We are a living compilation
of unending unrecorded chatterbox music, staccato struck notes and pianissimo emotions
and here's the inescapable prize we each win
we get to listen to ourselves over and over and over again
talking ourselves into and out of our dreams and backwards and forwards from what we're trying to say even when we don't do what we know we can or don't say what we mean.

We get to listen to the voice saying go
telling us to open the heavy door and pick up today's snow
melt our costume like cold snowflakes on our tongue
face up to the sun
letting out what's in and letting down what's up and breaking through what our walls won't let us shut up or shout into breathless air
from way up there
something's calling your name, beckoning you to speak the music you write and express the punctuation in your brain because every thought ends with a question and every statement starts with a comma, every blank space has an answer and every answer rights a wrong or writes a book or finishes an argument or begins a debate or becomes a song
the one you sing to yourself at the top of your shower lungs when there's no one around or the one that lulls you to sleep when your whole world crashes down.

But here's what we must do. Each one of us. To listen to our soft streams, our trickling thoughts and our voice and our ideas
then give them an outlet to be expressed and shared
maybe just upon paper or sung into the air
or between spaces between backroom confession walls or inside the ear shot distance of a 2AM long distance phone call
to a lover, or a friend, or a daughter, or a father or to that person you never told
what they really mean to you
so you quick use every courageous muscle you can
before you talk yourself into missing your chance.

Let's do this. Speak what's inside out
to live as honestly as we think and share who we are
finding for ourselves a way around
from the depths of our buried inner tomb
keys from our heart to the thoughts locked in that room, you know the one

whether bursting with love or cowering with fear
if we listen closely enough we'll hear
our name being called
those snowflakes of our winter doubts
encouraging us from outside these walls,
saying, "Come out"
and saying,

"Just try."
Because what's within us will within remain
unless we speak ourselves out loud
and give our words away.

Saturday, July 16, 2011

Speak For Yourself

I dreamt that I trudged on, reading the wrong book. Finally I asked it why it would not speak to me. It told me, "There comes a time when you must speak for yourself." Then I closed the book to write my own.

Friday, July 15, 2011

Now, You Know

I wrote.

Thinking for what felt like years, he said, "I don't get it."
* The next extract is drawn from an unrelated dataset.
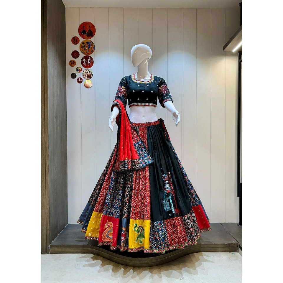 ชุดชานียาโชลีแบบดั้งเดิม พรีเมียม ไลฟ์สไตล์ลักชมี ผ้าฝ้ายแท้ พิมพ์ลายอิกกัต งานแฮนด์เมด ตกแต่งด้วยงานกัมธีอย่างประณีต ซึมซับความชื้นได้ดี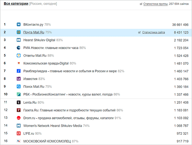 Давайте более подробно остановимся на рейтинге сайтов LiveInternet. Он представляет собой рейтинг всех ресурсов, которые добавлены в сервис. Места распределены по суточной посещаемости – от большой к маленькой.

"Ah," I agreed. "Now, you know how I feel."

Thursday, July 14, 2011

Driftwood

i never met a
driftwood poem
i haven't seen.

how can you
straight brow numb clasp not break, just a little
when fibers float your eyes along

way, this way drift, tepid,
toward riverbank scenes moon drippings
crackling wilderness
moss mapped trails...
exhilarating risk, faint nature
hunting you in lonesome
scamper

cold
firelight, ash, quiet. smoke,
in a wet night.

one light log on a long river.

reflecting,

luring, places you've never been
through you
a million uncrawled poems

yet a word
is all you dream.

Tuesday, July 12, 2011

What Art Is

Art is knowing that there is more than what is there in front of you. A basic element, it is not an ability but a subtlety; not a course rope capturing the bull, but kicking ordinary dust in a morning parking lot and knowing that in a time and place you almost were, something was captured beneath you. You dig with art to find out what it is. And almost always, if you plunge deep enough, there is a hidden limb below. Whether it reaches for you or you reach for it - it is you who has been captured. And somehow, the person kicking away the afternoon dust is not the same person who kicked it that morning.

Art is the risk of self-immersion into dimensions of form, thought, light, and expression. Art is our inner shadow, that, no matter how still or forgotten, has light cast upon it from our deepest places. We breathe art even if its hem does not unravel until we are too old or it is too late to throw it on to canvas or clay or stage or photograph or paper. But if we are breathing, art is too. Art is never too late.

Art is the moment when we risk feeling stupid, when we dip even the smallest cup past our cool surface and bring scalding water to our lips, or our hands, or our bellies, and then describe in some outward way how it makes us feel. Art does not heal, it exposes, and the rest of life mends what is left broken or breaks what once was fixed. Pouring salt or sugar or bandages or just letting God's air mix with our blood to close what we cannot by ourselves heal - that is the rest of this life.

Art is not the miracle, it is our attempt to explain how it happened, or why it happened, or how a cup of coffee and a conversation can mean nothing one day and then everything the next.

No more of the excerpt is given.